Can someone tell me how to tell if your cockapoo is the correct weight? I guess there's no average weight with crossbreeds as they vary so much. Sidney's mum is a toy cockapoo and his dad is a toy poodle so I don't expect him to get too big. He's been a chunky monkey from the start-not fat, just a stocky build and was the biggest of his litter! My hubby thinks he might be a bit skinny because we can feel his spine and ribs. Are you meant to be able to feel them or not at all? He loves his food and I make sure not to over feed him, and when I do I can tell as his poos get loose. He's 14 weeks and around 4.2kg. Mother in law is a vet and said he was fine a couple of weeks ago when she microchipped him... But I worry a lot that he's too big or too small! He's seems to be changing daily atm! 

Thanks!


----------



## Lexi&Beemer (May 5, 2013)

So I think the rule is if you can see the ribs, then too skinny, but be able to feel their ribs or too chunky. It's tough with all their hair. Lexi and Beemer's skinniness and chunkyness seems to fluctuate week by week, sometimes day by day. My vet said she would prefer a little chunkyness as they are growing. But Beemer has always been on the lean side and she said he was fine too.


----------



## SamRinde (Jun 10, 2013)

We often think Frank is a little chunk, but I tell my OH all the time that he is fine. You can feel his ribs, but you can't see them. Frankie still has so much extra skin around but does get a big underbelly after he eats!

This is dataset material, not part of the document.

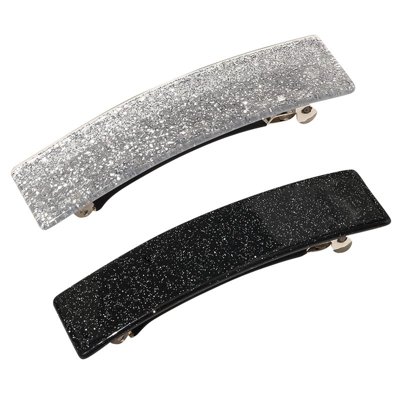 2 Pack Shiny Black and Silver Tortoise Shell Hair Barrettes Acetate Hair Clips Metal Ponytail Holder Acetate French Side Hair Pins Hair Slide Stylish for Fine Hair Women Girl Hair Jewelry Accessories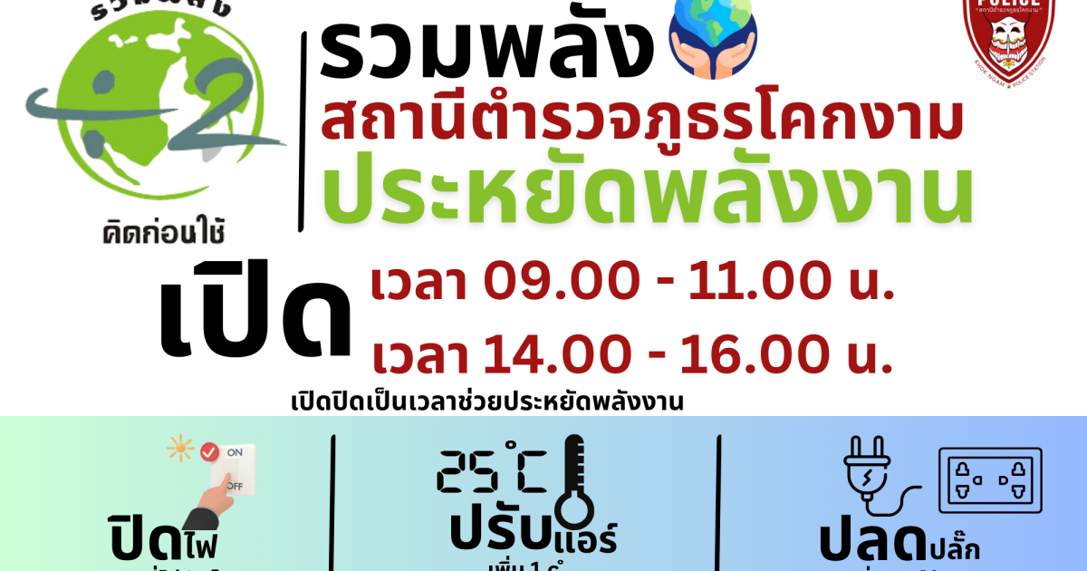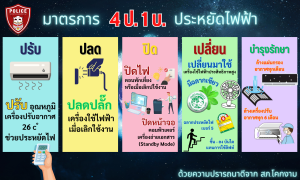 สภ.โคก โคกงามประชาชาสัมพันธ์ เชิญชวนประชาชน “รวมพลังคิดก่อนใช้ รวมพลังประหยัดพลังงาน” โดยใช้หลัก 4 ป. 1 บ.

To my untrained eye, Sidney looks just right!


----------



## wellerfeller (Jul 12, 2011)

Juvenile pools are very often lean/skinny. They normally bulk up from about 18months old. As long as your dog is eating well and happy and healthy then I wouldn't worry. Feed by the guidelines on your food making sure the amounts are correct for your dog's age, weight etc. increase the food if you are concerned but bear in mind sometimes a big increase in food just results in more poo rather than a bigger Cockapoo!


----------



## kendal (Jul 16, 2009)

The tent to get skinny when they have a groth spurt . but some dog are naturaly skinny for life. remember poodles are a natraly skinny breed.


----------



## tessybear (May 1, 2011)

Mine are naturally quite skinny. I keep a check on their weight (my daughter carries them onto our foot scales ) and sometimes I find they have lost a couple of kilos so I increase their food a little. You can feel their spines quite easily but if they are slightly underweight their spines feel particularly boney.


----------



## Nellies mum (May 12, 2013)

When Nellie is wet it really freaks me out!! Her legs are ridiculously skinny however I can't see her ribs so think her weight is ok


----------